No details of what the countries have agreed to do have been made available, but in a statement, Iraqi oil ministry spokesman Assem Jihad said that Iraq understood the importance of complying with the deal.
"Despite the economic and financial conditions facing Iraq, it is sticking to adherence to the agreement, because it believes in the necessity of solidarity of all producers ... to save the oil market," Jihad said.
Under the current agreement, Iraq has an output cap of 3.59 million b/d. But the oil ministry reported June 1 that the country's May exports averaged 3.58 million b/d, making it almost certainly in violation of its quota, as Platts estimates that the country's internal consumption for refinery runs and power generation totalled about 550,000 b/d in the month.
Full OPEC+ compliance data will not be available until mid-June, after the six secondary sources used by the alliance to monitor production, including Platts, submit their figures.
"While recommitting to its quota in the coming months is relatively straightforward, at least so that Iraq does not hold up the entire OPEC agreement, a promise to cut deeper to make up for the excess output cannot be made lightly, especially as the chances of failure will be that much higher," said Vandana Hari, who heads the oil consultancy Vanda Insights.

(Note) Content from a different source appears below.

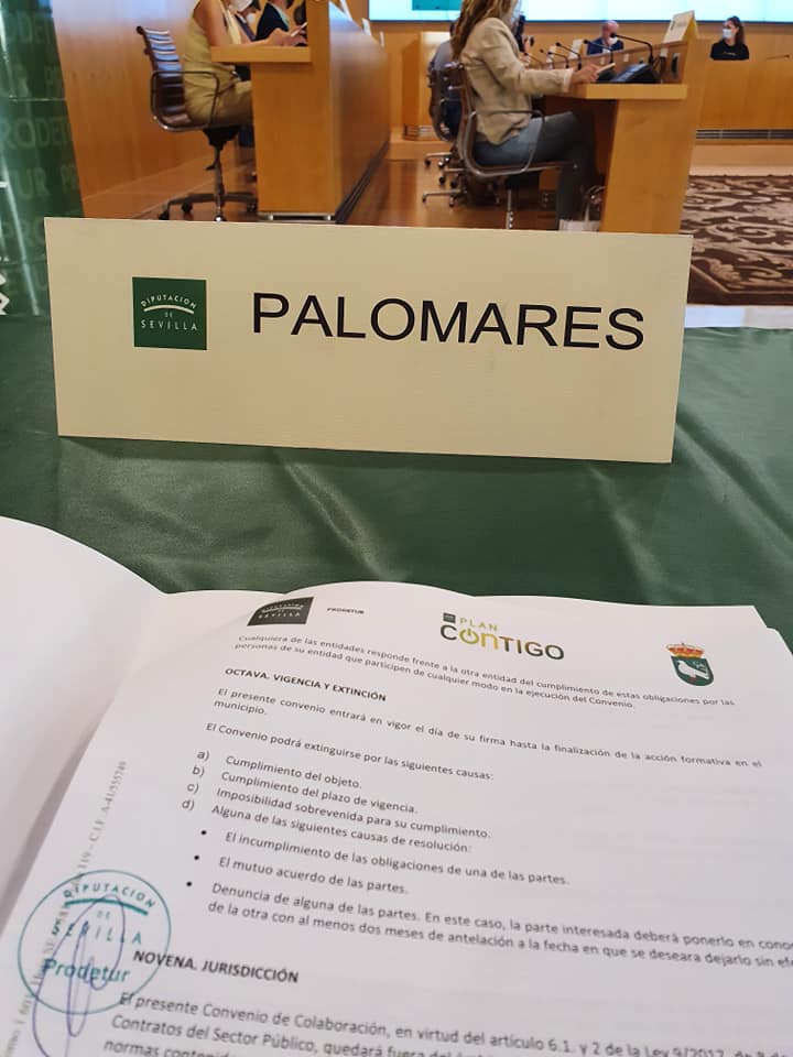 Esta mañana la Alcaldesa, Ana Isabel Jiménez, ha acudido a la firma del Convenio para desarrollar el Programa de Simulación de Empresas, que se llevara a cabo en nuestro pueblo dentro del marco del Plan Contigo de la Diputación Provincial de Sevilla.

In his statement, Jihad attributed Iraq's overproduction to its need for oil revenues to rebuild the country, as well as a recent transition to a new government under Prime Minister Mistafa al-Kadhimi, who took office in May.
Kadhimi on June 4 nominated Basra Oil Company's director general, Ihsan Ismaael, to serve as Iraq's oil minister. If approved by parliament, which is expected to convene on June 6 to consider the nomination and other appointments, Ismaael would replace finance minister Ali Allawi, who has been serving as interim oil minister.
Postponed negotiations with the semi-autonomous Kurdistan Regional Government over sharing oil revenues also prompted the KRG to delay the implementation of its agreed 23% crude production cut, Jihad added.
Jihad said the ministry was in constant contact with its OPEC+ counterparts "to discuss developments in the oil market, and affirming Iraq's full commitment to the agreement alongside other producing countries."